Back to School Junk Food for Thought…by Jim Carlton

I was going to buy a copy of The Power of Positive Thinking, and then I thought: What the hell good will that do?

If all is not lost, then where is it?

I’m still going door-to-door trying to convert the heathens except now I have a couple of bodyguards with me. They’re part of the Jehovah’s Witness Protection Program.

Disney is recalling 1300 Mickey Mouse waffle irons sold between 2011 and 2015.  No injuries reported so far, but it did make one guy’s ears stand up.

There are two kinds of people: those who finish what they start and so on…

I think my grandmother is in her second childhood.
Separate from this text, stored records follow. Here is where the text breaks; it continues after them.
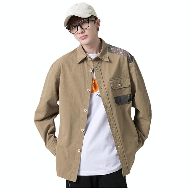 Youth Casual Retro Workwear Long Sleeve Shirt, Size: XXXXL(Khaki)
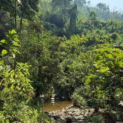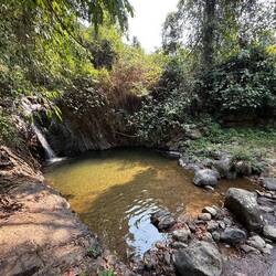 Now we still had the scooter, it gave us to the opportunity to visit Kaeng Yui Waterfall, which was 6km east of Vang Vieng. It is described in my guidebook as ‘a peaceful spot, nestled in the forest among the hills protecting Vang Vieng's eastern flank.
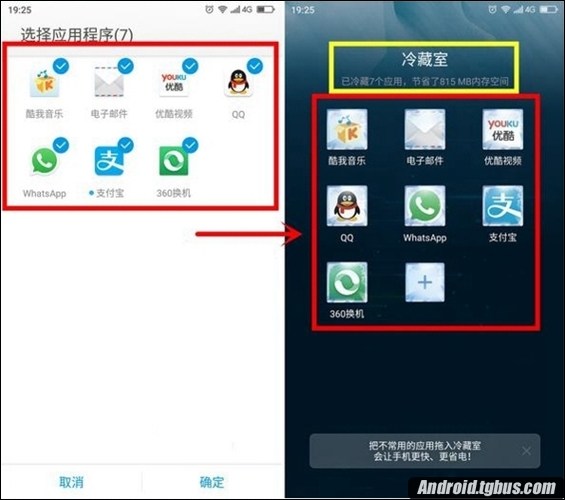2、点击加号之后我们就发现有很多可以加入冷藏室的应用,这时候我们发现可以多选,然后批量加入,这就是在桌面不能实现的了,加入后我们发现有一个提示“已冷藏7个应用,节省了815MB内存空间”,一目了然,很清晰。

The other day she entered a wet-shawl contest.

Who was Jehosephat and why was he jumping?

Why is it that most of the states where people are so opposed to same-sex unions…have no trouble at all with people marrying their cousins?

There’s a new product out that has a sentence for its name like, it’s called, “I Can’t Believe I Just Paid Three Dollars For Water.”

Why do you need an appointment to see a psychic?

My folks went to Turin and all I got was this lousy shroud.

Early in my career I used to dance as the rear end of one of those two-man dancing horses. But one day I broke my leg and they shot my partner in the head.”

My wife hates it when I get affectionate in public…unless it’s with her.

Jim Carlton spent his career in show business. He’s written for and traveled with the Smothers Brothers, Joan Rivers, Jim Stafford, Roger Miller, Mason Williams, Gallagher, the Kingston Trio and many others. He’s also written special material for the Tonight Show with Johnny Carson, Thicke of the Night, the Arsenio Hall Show and Late Night with David Letterman. He presently lives in Mount Dora and has been a city commissioner for a dozen years or more.